When Mrs. Hall took his dinner in to him, he was already so absorbed in his work, pouring little drops out of the bottles into test tubes, that he did not hear her until she had swept away the bulk of the straw and put the tray on the table, with some little emphasis perhaps, seeing the state that the floor was in. Then he half turned his head, and immediately turned it away again. But she saw he had removed his glasses; they were beside him on the table, and it seemed to her that his eye sockets were extraordinarily hollow. He put on his spectacles again, and then turned and faced her. She was about to complain of the straw on the floor when he anticipated her.
"I wish you wouldn't come in without knocking," he said, in the tone of abnormal exasperation that seemed so characteristic of him.
"I knocked, but seemingly—"
"Perhaps you did. But in my investigations—my really very urgent and necessary investigations—the slightest disturbance, the jar of a door… I must ask you—"
"Certainly, sir. You can turn the lock if you're like that, you know. Any time."
"A very good idea," said the stranger.
"This stror, sir. If I might make so bold as to remark—"
"Don't. If the straw makes trouble, put it down in the bill." And he mumbled at her—words suspiciously like curses.
He was so odd, standing there, so aggressive and explosive, bottle in one hand and test tube in the other,[12] that Mrs. Hall was quite alarmed. But she was a resolute woman. "In which case, I should like to know, sir, what you consider—"
"A shilling—put down a shilling. Surely a shilling's enough?"
"So be it," said Mrs. Hall, taking up the tablecloth and beginning to spread it over the table. "If you're satisfied, of course—"
He turned and sat down with his coat collar towards her.
All the afternoon he worked with the door locked, and, as Mrs. Hall testifies, for the most part in silence. But once there was a concussion and a sound of bottles ringing together, as though the table had been hit, and the smash of glass flung violently down, and then a rapid pacing athwart the room. Fearing something was the matter, she went to the door and listened, not caring to knock.
"I can't go on," he was raving; "I
There was a noise of hobnails on the bricks in the bar, and Mrs. Hall very reluctantly had to leave the rest of his soliloquy. When she returned the room was silent again, save for the faint crepitation of his chair and the occasional clink of a bottle. It was all over; the stranger had resumed work.

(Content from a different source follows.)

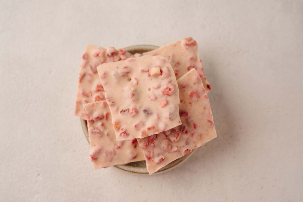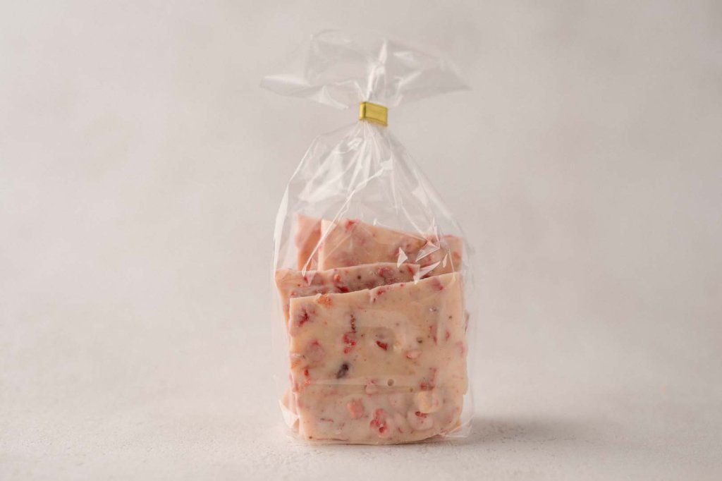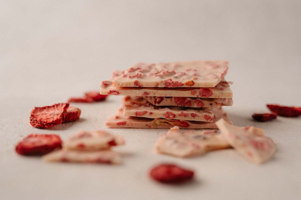 Eine cremige Schokolade, die den frischen, fruchtigen Geschmack von Erdbeeren mit der milden, erfrischenden Note von Joghurt vereint – ein köstlicher Genuss aus fruchtiger Süße und einer zarten, cremigen Textur.

When she took in his tea she saw broken glass in the corner of the room under the concave mirror, and a golden stain that had been carelessly wiped. She called attention to it.
"Put it down in the bill," snapped her visitor. "For God's sake don't worry me! If there's damage done, put it down in the bill," and he went on ticking a list[13] in the exercise-book before him.
"I'll tell you something," said Fearenside mysteriously. It was late in the afternoon, and they were in the little beershop of Iping Hanger.
"Well?" said Teddy Henfrey.
"This chap you're speaking of, what my darg bit. Well—he's black. Leastways his legs are."
"I seed through the tear of his trousers and the tear of his glove. You'd have expected a sort of pinky to show, wouldn't you? Well—there wasn't none. Just blackness. I tell you he's as black as my hat."
"My sakes!" said Henfrey. "It's a rummy case altogether. Why, his nose is as pink as paint!"
"That's true," said Fearenside. "I knows that. And I tell 'ее what I'm thinking. That marn's a piebald, Teddy; black here and white there—in patches. And he's ashamed of it. He's a kind of half-breed, and the colour's come off patchy instead of mixing.[14] I've heard of such things before. And it's the common way with harses, as any one can see."
Chapter IV
Mr. Cuss Interviews The Stranger
I have told the circumstances of the stranger's arrival in Iping with a certain fullness of detail, in order that the curious impression he created may be understood by the reader. But excepting two odd incidents, the circumstances of his stay until the extraordinary day of the club festival may be passed over very cursorily. There were a number of skirmishes with Mrs. Hall on matters of domestic discipline, but in every case until late in April, when the first signs of penury began, he overrode her by the easy expedient of an extra payment.[1] Hall did not like him, and whenever he dared he talked of the advisability of getting rid of him; but he showed his dislike mainly by concealing it ostentatiously, and avoiding his visitor as much as possible. "Wait till the summer," said Mrs. Hall sagely, "when the artisks[2] are beginning to come. Then we'll see. He may be a bit overbearing, but bills settled punctual is bills settled punctual, whatever you likes to say."